The more information a questioning party has about the ownership of the crypto assets, the better, however even if nothing is known, you are still quite entitled to address the possibility of crypto assets in follow-up enquiries, simply asking the question as to whether the spouse holds or has in the last 12/24 (for example) months held any crypto assets and provide disclosure of them.

All assets should be disclosed. If crypto assets of a sizable value are not disclosed and their disclosure would have led to a materially different outcome, any settlement agreed between a couple can be set aside with penalties levied against the non-discloser.

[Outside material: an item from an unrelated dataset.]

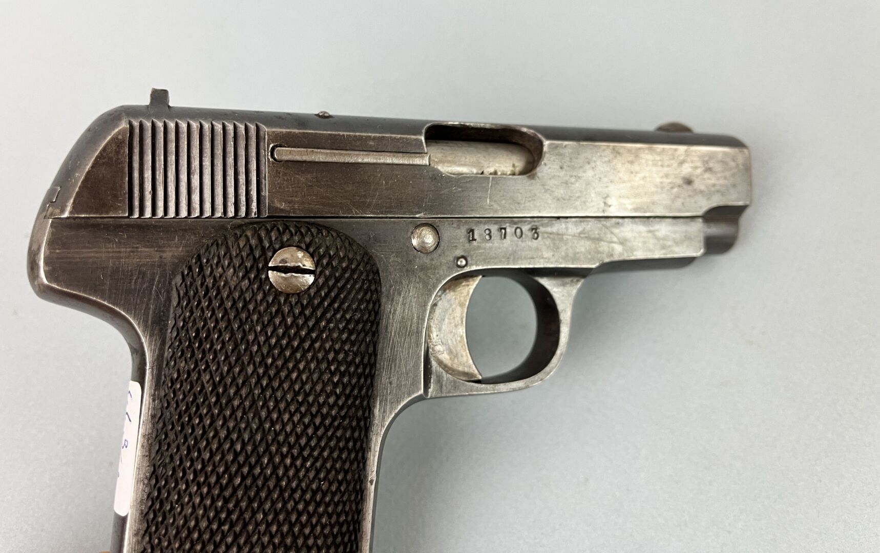 171 RÉSULTAT: 120 € ESTIMATION: 100 / 200 € Pistolet semi-automatique MARTIAN Cal 7 65 Fabriqué par MARTIN A BASCARAN EIBAR N° 18703 Dans son étui de ceinture en cuir fauve avec 3 chargeurs, Arme de catégorie B RGA : BF969

How are crypto assets considered by the Court?

Crypto assets fall under the definition of property under the Matrimonial Causes Act 1973. They can therefore be subject to the usual catalogue of options available to the Court when deciding how they should be divided in the context of a divorce. The Court may order they are sold, transferred or a lump sum paid by one party to the other to offset against their value, in the same manner as any other asset.

If one party is concerned that crypto assets may be dissipated then a freezing injunction can still be pursued in relation to the assets, although, given the intangible nature of cryptocurrency and the speed at which they can be disposed of, there can be further complications and expert legal advice should be taken without delay.

When crypto assets are being considered as part of a financial settlement, expert accountancy advice may also be required because they can be subject to CGT, inheritance tax and income derived from them can be subject to income tax.

Conclusion

At first glance, the prospect of having to consider crypto assets in divorce may seem daunting or be perceived as unknown territory, the reality is they are assets that are frequently having to be taken into account and will continue to feature in many divorces. As long as appropriate expert advice is sought to help navigate the process, the existence of crypto assets in proceedings should not be a cause for concern.